■ REQUIRED WORK ■
Each line below from the "内置16为DAC,支持4~2" line through the "Home > Ropa" line, those two included, must be restated word for word; the pictures must not be.

■ EXERCISE INPUTS ■
* * *

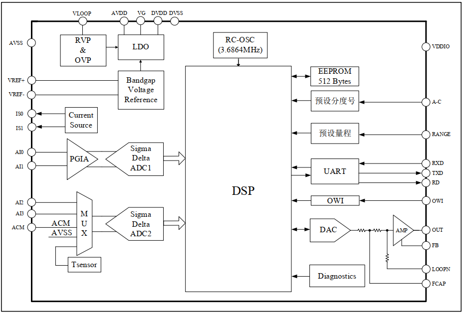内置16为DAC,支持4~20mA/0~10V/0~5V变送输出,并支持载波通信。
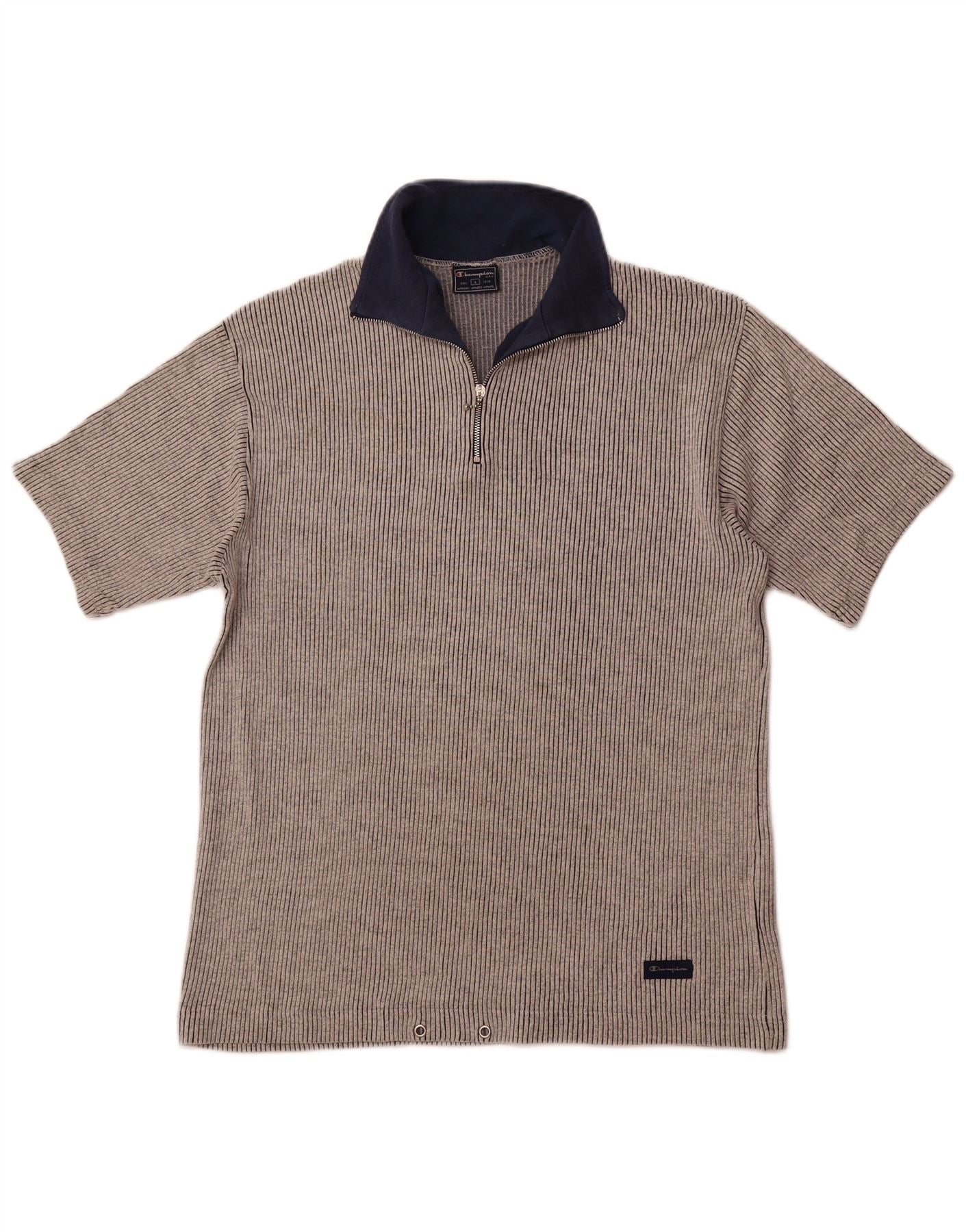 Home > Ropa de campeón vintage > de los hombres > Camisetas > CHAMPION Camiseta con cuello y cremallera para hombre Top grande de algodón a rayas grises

* * *

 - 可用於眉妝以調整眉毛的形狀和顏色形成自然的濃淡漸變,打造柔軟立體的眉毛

* * *

■ SOLUTION ■
内置16为DAC,支持4~20mA/0~10V/0~5V变送输出,并支持载波通信。
 Home > Ropa de campeón vintage > de los hombres > Camisetas > CHAMPION Camiseta con cuello y cremallera para hombre Top grande de algodón a rayas grises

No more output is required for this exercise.